The Native American /”free colored” Hawley/Holly family of Granville County originates in nearby Northampton County, NC and unlike the several lineages that I have discussed so far, the Hawleys cannot positively be traced back to the Tidewater area of Virginia. In this blog post, I will give an overview of the Hawley family and explain why I think their origins are tied into both the Saponi and Catawba tribes. Some genealogical information that is referenced came from Paul Heinegg’s research.

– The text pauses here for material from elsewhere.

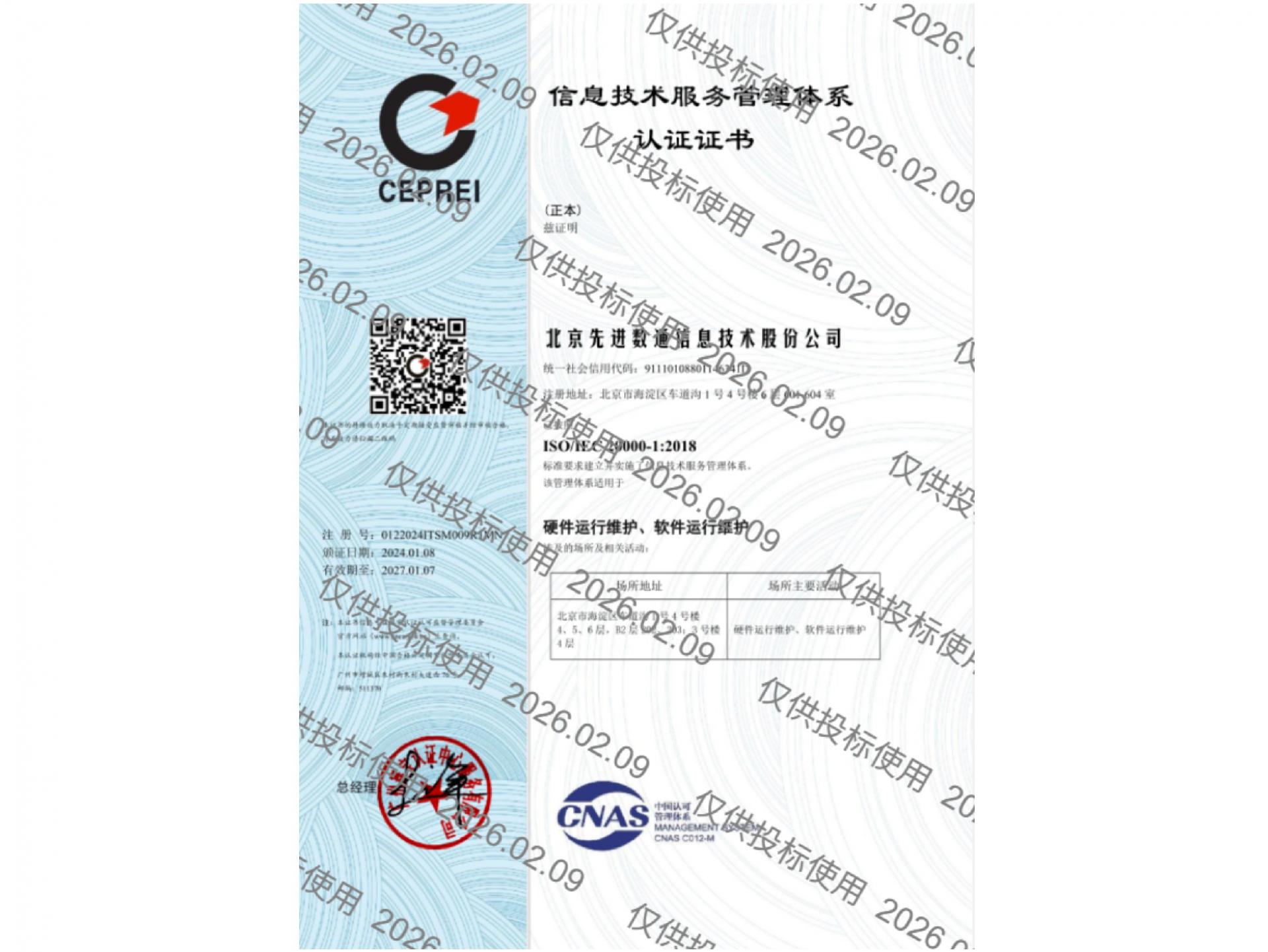 • ISO20000信息手艺服务治理系统认证

Micajah Hawley (1700-1752) is the common ancestor of the Hawley family. The first verified records for him are when he purchased 640 acres of land on Meherrin River in then Bertie County, now Northampton County in 1731. In 1738, he sold 300 acres of this land. Micajah’s wife was named Sarah but her maiden name and lineage is unknown. His location in Northampton County at that time, placed him close to the Bass and Anderson families that left Norfolk, VA and stopped in Northampton County for several years before continuing on to Granville. Micajah left a 1752 will in Northampton County which named his heirs, so we’re able to follow his descendants forward.

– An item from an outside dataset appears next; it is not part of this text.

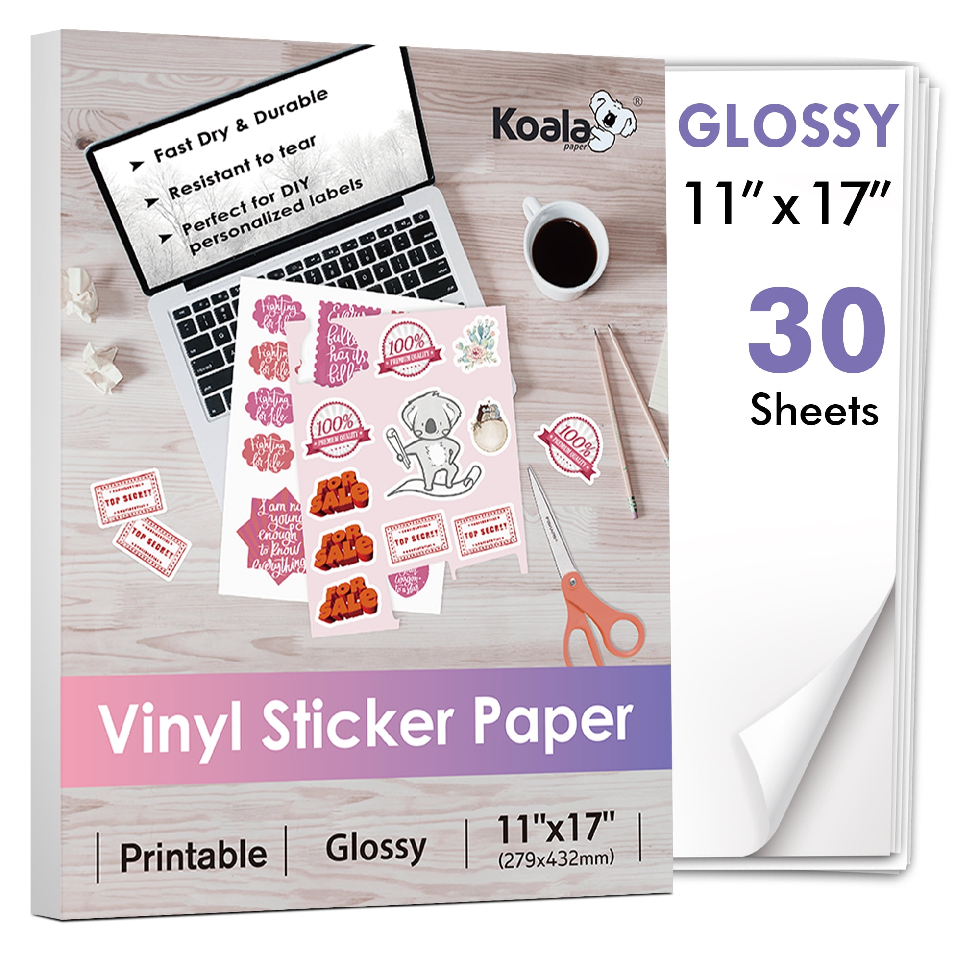 Koala Printable Vinyl Sticker Paper 11x17 Inches Matte White Waterproof

Though his will named all of his children as heirs, Micajah left most of his estate to his son Benjamin Hawley (1735-1805). This is likely because by the time of Micajah’s death, his other children had moved with the Basses and Andersons to Granville County and were property owners there. Only his son Benjamin stayed behind in Northampton County to inherit the majority of the estate. Benjamin’s son William Hawley (1760-after 1820) remained in Northampton and had a son named William Hawley Jr who married Lydia Newsom. Benjamin’s daughter Eady Hawley married Nathaniel Newsom (1765-1835). The Newsom family has ties to the Native American community in Northampton County called the “Portuguese Community”. By the 1840s, most but not all of the intermarried Hawley and Newsom family relocated to Ohio.

Micajah Hawley’s other three sons – Joseph, William, and Christopher Hawley moved to Granville County by 1750/51 as indicated by tax records. Christopher has no known descendants, so our discussion focuses on Joseph and William.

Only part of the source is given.